Moving on from this step, we started performing analysis on the data, trying to connect data using commonalities amongst these data frames.

Plotting

Functions using ggplot

Visuals and graphs are a great way to view patterns and these help us to get a picture of overalla data without performing extensive analysis. For the purpose of this project, we have defined two functions that we used to create bar plots and box plots.

#Barplots
gg_bar <- function(df, x, colour, xlab = "", ylab = "", main = "", order = F) {
  ifelse(order == T, xr <- with(df, reorder(x, x, function(a) -length(a))), xr <- x)
  ggplot(data = df, aes(x = xr), position = "dodge") +
    geom_bar(  fill = colour ) +
    scale_y_continuous(labels = scales::comma) +
    labs(title = main, x = xlab, y = ylab) +
    theme(panel.grid.major = element_blank(), panel.grid.minor = element_blank(),
          panel.background = element_blank()) 
}

#Boxplots
gg_box <- function(df, y, colour, xlab = "", ylab = "", main = "") {
 ggplot(data = df, aes(y = y)) +
 geom_boxplot() +
 labs(title = main, x = xlab, y = ylab) +
 theme(panel.grid.major = element_blank(), panel.grid.minor = element_blank(),
        panel.background = element_blank())
}

These functions make it easier to maintain the same them for all plots while making it easier for the programmer to implement changes or modify themes across the project.

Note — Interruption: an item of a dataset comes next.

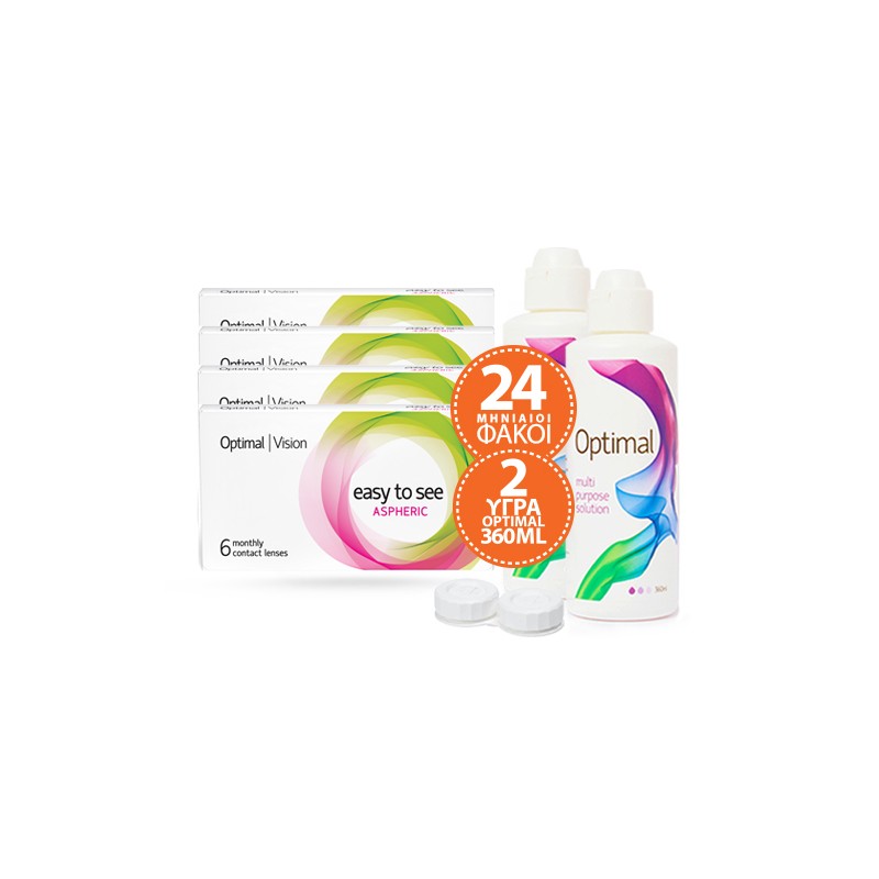 Economy Package, 4 boxes with 6 lenses each + 2 bottles of Optimal solution totaling 720ml.

Product promotion by Display and Mailers

We view the mode of promotion for all products through the below bar graph. Note that from both the bar plots it can be infered, products that are not on display and those that are not in the ad are suppressed.

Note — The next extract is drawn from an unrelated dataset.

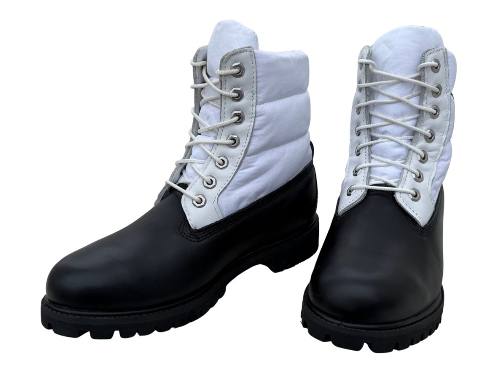 kotníkové boty, které jsou ikonou. Jsou nejen stylové a skvěle vypadají, jsou i odolné. Timberlandy, které se hodí do města i na sněhové radovánky. Svršek je vyrobený z prémiového černého nabuku (kůže). Ideální do chladných dnů, protože vaše nohy chrání před každým počasí. Odolná gumová podrážka je protiskluzová a pokud bude venku mrznout zajistí stabilní krok. Skvělá volba pro dobrodruhy i na klasické zimní pochůzky po městě. Černo-bílé barevné provedení je elegantní a bude se hodit k jakémukoliv outfitu.

Form the above plots, it is clear that most number of products are displayed through ‘Secondary Location’ and the most products that are promoted through mail are featured on the ‘Interior’ page.

Viewing the Demographics of Households

Below are the plots summarising the demographic information of the households who purhase products from our retailer. Four plots show details about the Age, Income categor, composition of household and number of kids in each household.

Sales Value and Discounts

Below boxplots show how well distributed the sales value and retail discounts are. Under the sales value of 5$ for each transaction there are no outliers. However, there seem to be many outliers, for each product, when it comes to retail discount.

A closer look into the data reveals that the most of the outliers in total retail discount is due to the quantities of each product purchased. For example, if the discount availed on purchasing an apple is 1$, then the discount for 10 apples is 10 dollars. In this case, the outliers are visible due to the quantity of product but not because of the huge discount applied to a single product.

Data Analysis

Average duration of each campaign

We first inspect how long each type of campaign was run. There are 30 campaigns, belonging to three types as A,B and C.

summarize(group_by(campaign_desc,campaign_desc$description),
          avg_Time = mean(duration))
## # A tibble: 3 x 2
##   `campaign_desc$description` avg_Time
##   <fct>                          <dbl>
## 1 TypeA                           47.2
## 2 TypeB                           37.6
## 3 TypeC                           74.5

Type C campaign has the highest average duration of 74 days.

Sales value of Transactions

Interesting find: 87% of transactions have sales value below 5 dollars.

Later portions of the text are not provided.